Context Harvest Operation

Purpose: Extract knowledge from AI summaries → permanent context, then clean workspace

Last Updated: 2026-01-06

Core Problem

AI agents create summary files (OVERVIEW.md, SESSION-*.md, SUMMARY.md) that contain valuable knowledge but clutter the workspace. These files "plague" the codebase.

Solution: Harvest the knowledge → permanent context, then delete the summaries.

Auto-Detection Patterns

Harvest automatically detects these patterns:

Filename patterns:

*OVERVIEW.md
*SUMMARY.md
SESSION-*.md
CONTEXT-*.md
*NOTES.md

Location patterns:

Files in .tmp/ directory
Files with "Summary", "Overview", "Session" in title
Files >2KB in root directory (likely summaries)

6-Stage Workflow

Stage 1: Scan

Action: Find all summary files in workspace

Process:

Search for auto-detection patterns
Check .tmp/ directory
List files with sizes
Sort by modification date (newest first)

Output: List of candidate files

Example:

Found 3 summary documents:
1. CONTEXT-SYSTEM-OVERVIEW.md (4.2 KB, modified 1 hour ago)
2. SESSION-auth-work.md (1.8 KB, modified today)
3. .tmp/IMPLEMENTATION-NOTES.md (800 bytes, modified today)

Stage 2: Analyze

Action: Categorize content by function

Mapping Rules: | Content Type | Target Folder | How to Identify | |--------------|---------------|-----------------| | Design decisions | concepts/ | "We decided to...", "Architecture", "Pattern" | | Solutions/patterns | examples/ | Code snippets, "Here's how we..." | | Workflows | guides/ | Numbered steps, "How to...", "Setup" | | Errors encountered | errors/ | Error messages, "Fixed issue", "Gotcha" | | Reference data | lookup/ | Tables, lists, paths, commands |

Process:

Read each file
Identify valuable sections (skip planning/conversation)
Categorize by function
Determine target file path
Generate preview (first 60 chars)

Output: Categorized items with letter IDs

Stage 3: Approve (CRITICAL)

Action: Present approval UI with letter-based selection

ALWAYS show approval UI before extracting/deleting.
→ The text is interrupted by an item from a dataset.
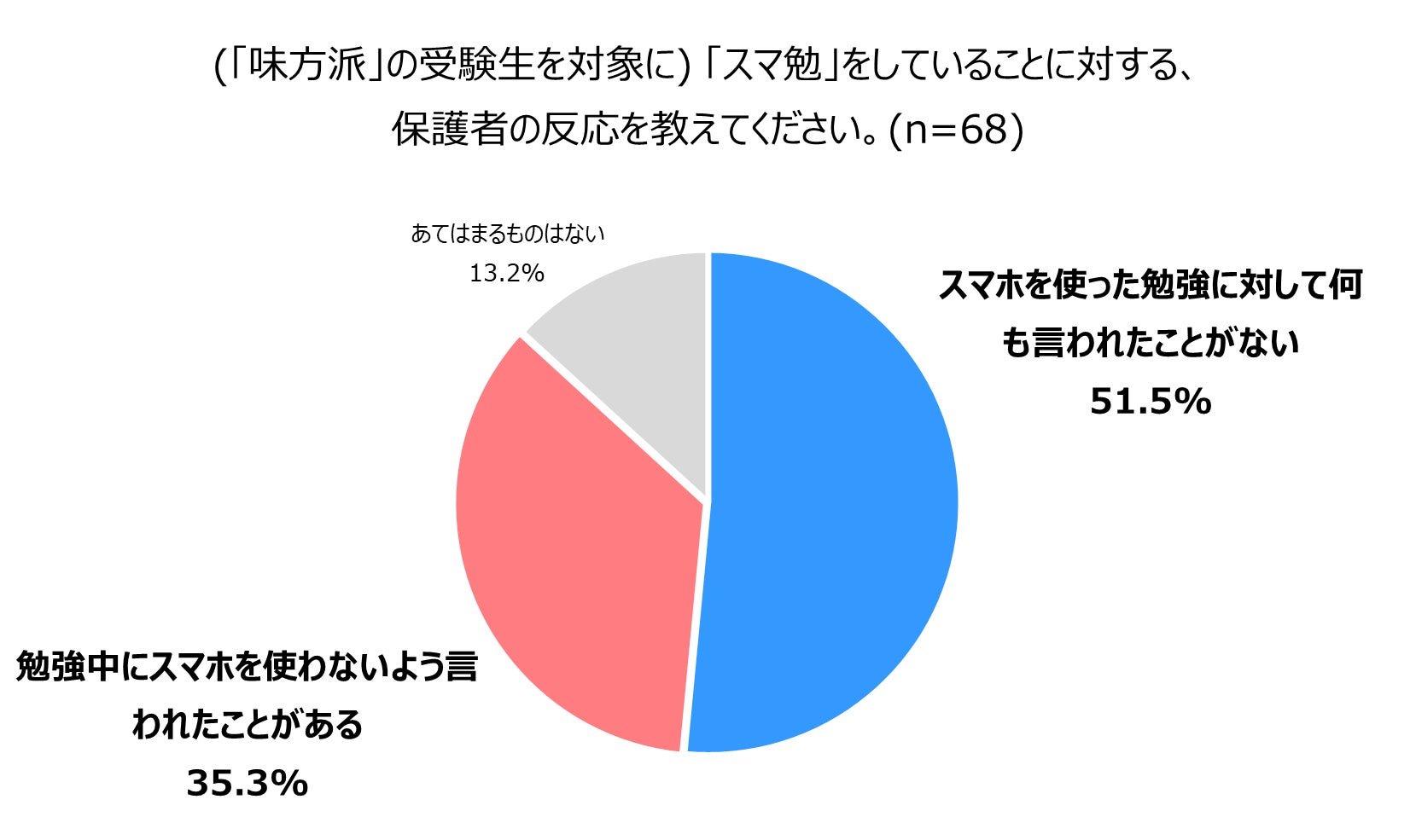 「味方派」の現役大学受験生からみた、スマ勉を行う我が子に対する保護者の反応は、約半数の親が何も言わず認めている一方で、3割超(35.3%)の現役大学受験生が保護者から「勉強中にスマホを使わないよう言われた

NEVER auto-harvest without user confirmation.

Format:

### CONTEXT-SYSTEM-OVERVIEW.md (4.2 KB)

✓ [A] Design: Function-based context organization
    → Would add to: core/concepts/context-organization.md
    Preview: "Organize by function (concepts/, examples/...)..."

✓ [B] Pattern: Minimal Viable Information
    → Would add to: core/concepts/mvi-principle.md
    Preview: "Extract core only (1-3 sentences), 3-5 key points..."

✓ [C] Workflow: Harvesting summary documents
    → Would create: core/guides/harvesting.md
    Preview: "Scan for summaries → Extract → Approve → Delete"

✗ [D] Skip: Planning discussion notes (temporary knowledge)

---

### SESSION-auth-work.md (1.8 KB)

✓ [E] Error: JWT token expiration not handled
    → Would add to: development/errors/auth-errors.md
    Preview: "Symptom: 401 after 1 hour. Cause: No refresh flow..."

✓ [F] Example: JWT refresh token implementation
    → Would create: development/examples/jwt-refresh.md
    Preview: "Store refresh token → Check expiry → Request new..."

---

### .tmp/IMPLEMENTATION-NOTES.md (800 bytes)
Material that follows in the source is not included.